_Prompt_:
Here the job is to transcribe only the lines from the one containing "(2) Indigenous Children's" through the last line below, exactly as written; please leave out pictures.

_Collected material_:
- - -
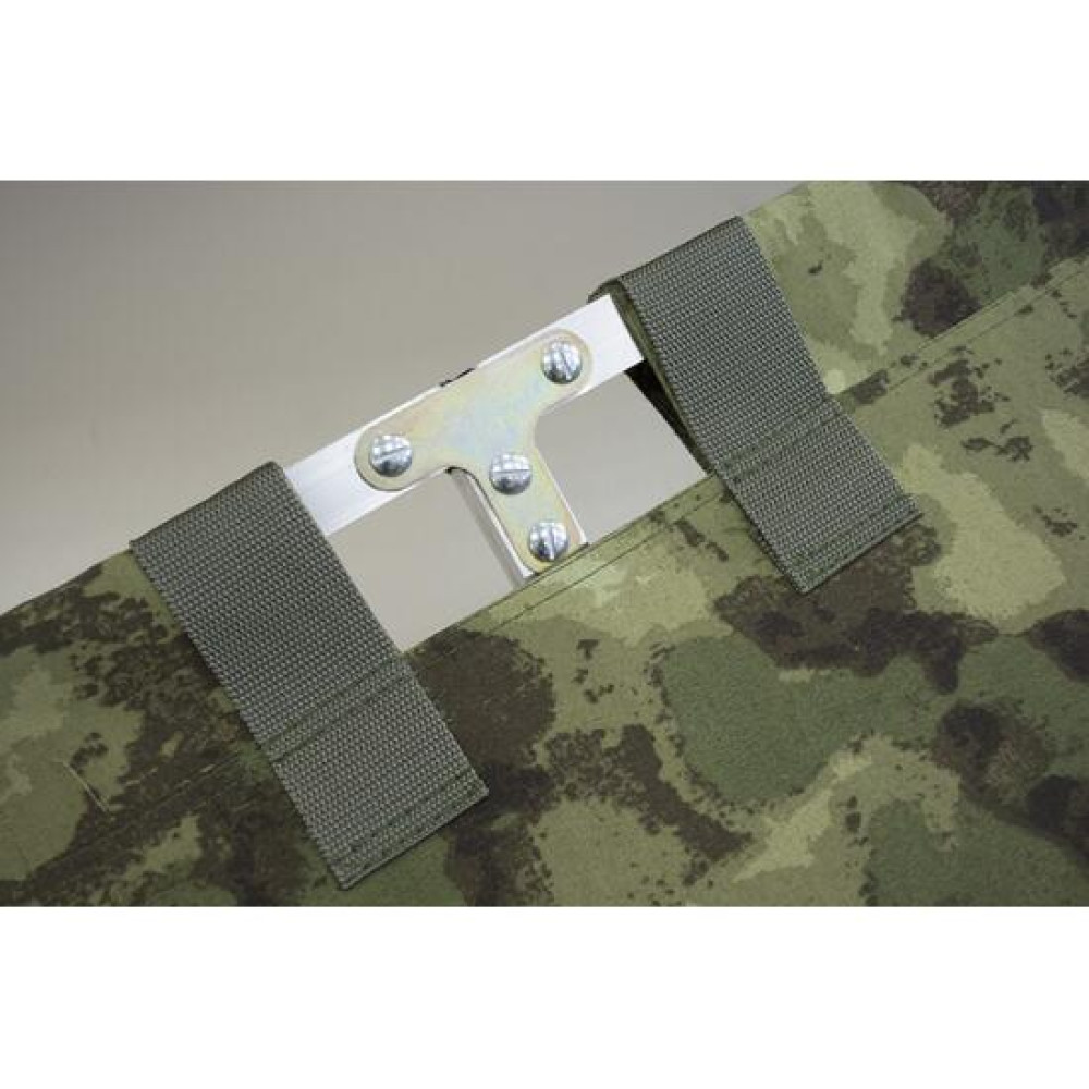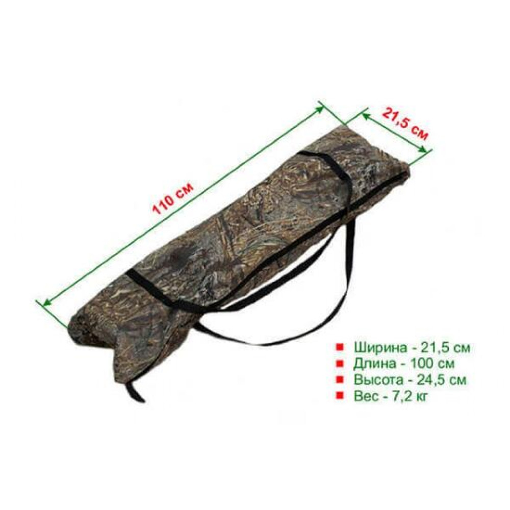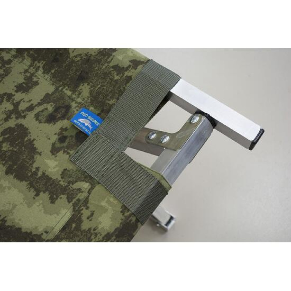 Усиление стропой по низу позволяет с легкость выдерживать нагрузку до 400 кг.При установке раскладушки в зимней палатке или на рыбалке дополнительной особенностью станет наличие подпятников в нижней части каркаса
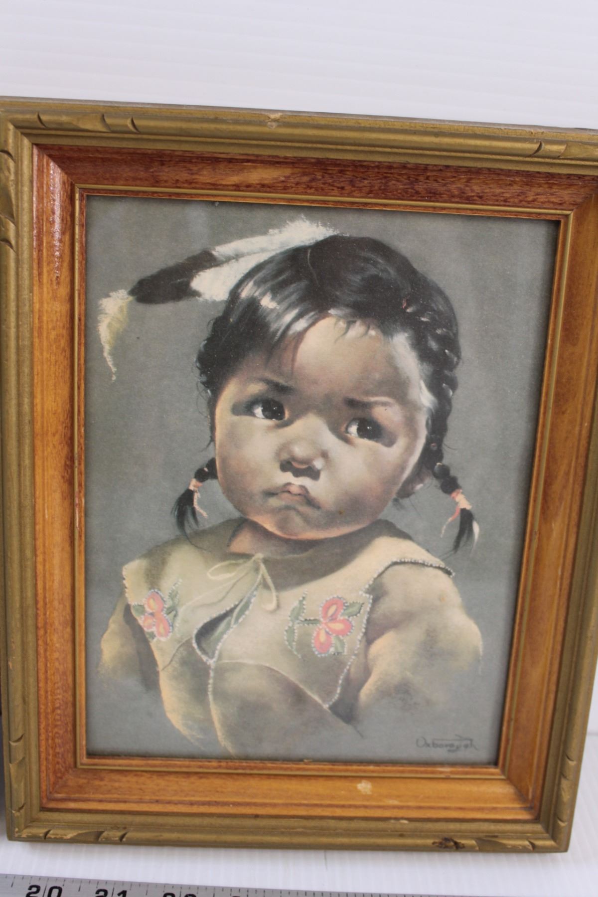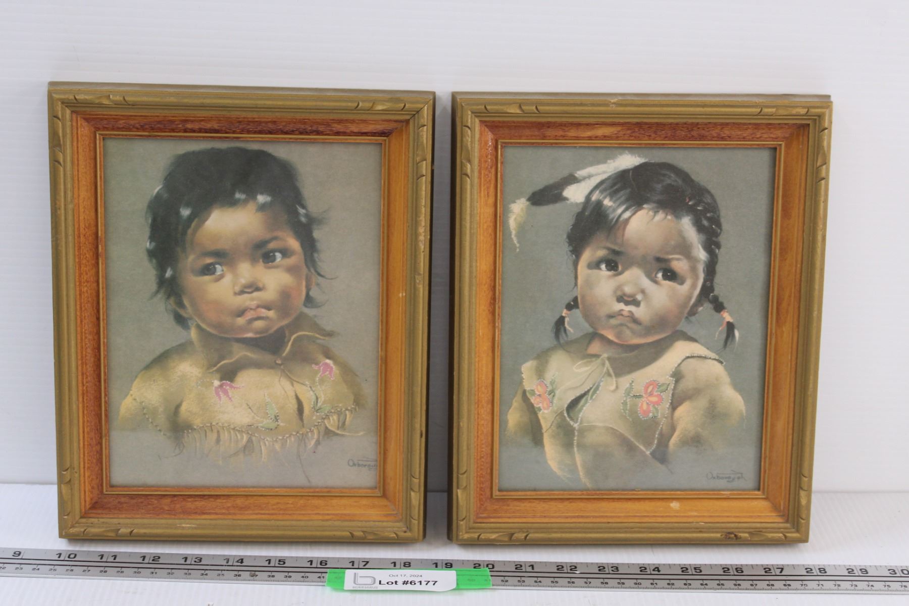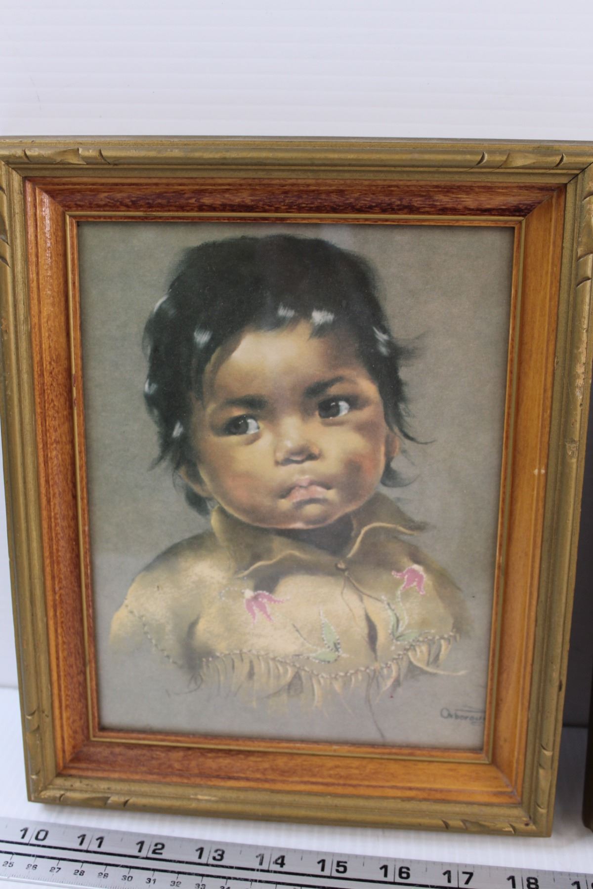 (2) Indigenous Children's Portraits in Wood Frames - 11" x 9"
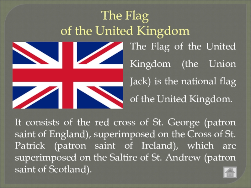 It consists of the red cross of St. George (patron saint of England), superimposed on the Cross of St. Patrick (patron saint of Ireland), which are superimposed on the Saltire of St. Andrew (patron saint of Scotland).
- - -
_Task answer_:
 (2) Indigenous Children's Portraits in Wood Frames - 11" x 9"
 It consists of the red cross of St. George (patron saint of England), superimposed on the Cross of St. Patrick (patron saint of Ireland), which are superimposed on the Saltire of St. Andrew (patron saint of Scotland).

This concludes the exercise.